2018 National Budget: Govt charts new path

HARARE - Government is taking steps towards ending its economic isolation in its first budget since the end of Robert Mugabe’s 37-year authoritarian rule with Treasury announcing a package of measures aimed at wooing international investors, including new curbs on laws that require firms to be 51 percent locally owned.

Finance minister Patrick Chinamasa said privatisation of some State firms was being considered.

In his 2018 national budget presented yesterday, he unveiled spending cuts including the closure of some diplomatic missions.

Chinamasa also said all civil servants over the age of 65 would have to retire as the government aims for a 2018 budget deficit of below four percent of gross domestic product.

At present, more than 90 percent of government expenditure goes to pay civil servants’ salaries.

Since taking office last week, President Emmerson Mnangagwa has pledged to crack down on corruption.

He has also offered a three-month amnesty for individuals and companies to surrender public funds illegally stashed abroad.
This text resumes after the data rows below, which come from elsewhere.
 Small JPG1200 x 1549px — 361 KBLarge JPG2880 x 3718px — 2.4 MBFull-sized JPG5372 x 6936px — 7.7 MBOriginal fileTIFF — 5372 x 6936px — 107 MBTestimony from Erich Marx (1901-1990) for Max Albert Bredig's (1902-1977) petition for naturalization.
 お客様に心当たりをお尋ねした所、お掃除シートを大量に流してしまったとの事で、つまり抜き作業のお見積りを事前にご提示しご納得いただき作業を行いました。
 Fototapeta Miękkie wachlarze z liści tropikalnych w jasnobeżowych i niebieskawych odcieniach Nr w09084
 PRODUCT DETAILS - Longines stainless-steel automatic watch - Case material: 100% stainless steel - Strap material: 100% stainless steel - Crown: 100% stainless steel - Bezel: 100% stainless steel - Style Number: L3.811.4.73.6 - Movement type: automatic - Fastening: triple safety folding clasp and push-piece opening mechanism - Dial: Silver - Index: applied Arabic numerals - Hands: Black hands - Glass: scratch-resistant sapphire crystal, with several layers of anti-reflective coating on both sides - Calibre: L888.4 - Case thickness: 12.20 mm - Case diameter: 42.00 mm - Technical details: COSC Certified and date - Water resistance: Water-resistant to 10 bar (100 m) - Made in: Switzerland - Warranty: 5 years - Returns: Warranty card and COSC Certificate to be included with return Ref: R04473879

The Indigenisation and Economic Empowerment Act, which aimed to place 51 percent of companies into the hands of black Zimbabweans, was brought in by Mugabe in 2009.

But in Thursday’s budget announcement, Chinamasa said the law would apply only to the platinum and diamond sectors from now on.
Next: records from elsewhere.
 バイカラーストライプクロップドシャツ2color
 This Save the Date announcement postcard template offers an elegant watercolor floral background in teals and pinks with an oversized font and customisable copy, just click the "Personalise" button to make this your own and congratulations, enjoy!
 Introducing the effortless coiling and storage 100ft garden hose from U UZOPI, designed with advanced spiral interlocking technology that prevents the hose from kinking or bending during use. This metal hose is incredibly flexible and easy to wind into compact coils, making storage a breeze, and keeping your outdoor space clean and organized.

At the same time, export taxes on processed platinum would be deferred until 2019.

Former Reserve Bank of Zimbabwe governor Gideon Gono described the national budget as “comprehensive under the circumstances, practical, bold, courageous, forward-looking, investment stimulating, confidence boosting and painfully sweet.”

He said Chinamasa’s budget was arguably one of the best in years, if only it can be translated into action.

“I have already spoken to and congratulated the minister, Cde Patrick Chinamasa, and implored him to now focus on the implementation matrix, advice which he sincerely appreciated.

“From the Special Economic Zones (SEZ) point of view, we are ready to fly as soon as the twin issues of the chief executive officer and the secretariat have been attended to,” said Gono, who is the chairman of the SEZ.

Chinamasa said total revenue collections for 2018 are estimated at $5,071 billion and expenditure for the year is estimated at $5,743 billion, bringing up a deficit of $672 million.

The $5,7 billion budget is $1,6 billion more than last year’s $4,1 billion.

“The budget deficit for 2018, given total revenues available for appropriation by Parliament of $5,071 billion, and total expenditure and net lending of $5,743 billion, translate to a fiscal deficit of $672 million,” he said.

The wage bill for 2018 is set at $3,3 billion, representing 57 percent of the total budget - down from 73 percent in 2017.

“The 2018 budget is appropriating $3,3 billion for employment costs, with $2,6 billion being set aside for the Public Service wage bill, inclusive of grant aided institutions,” he said.

The minister confirmed civil servants bonuses for 2017.

The minister acknowledged the inflationary pressure endemic in the economy pointing out that inflation was being driven by the discounts on real time gross settlement system, otherwise known as the RTGS.

“In the outlook, the biggest threat emanates from inflationary pressures that the economy faces from potential general price hikes driven by speculative tendencies, arising from the mis-match between electronic bank balances and available foreign exchange.”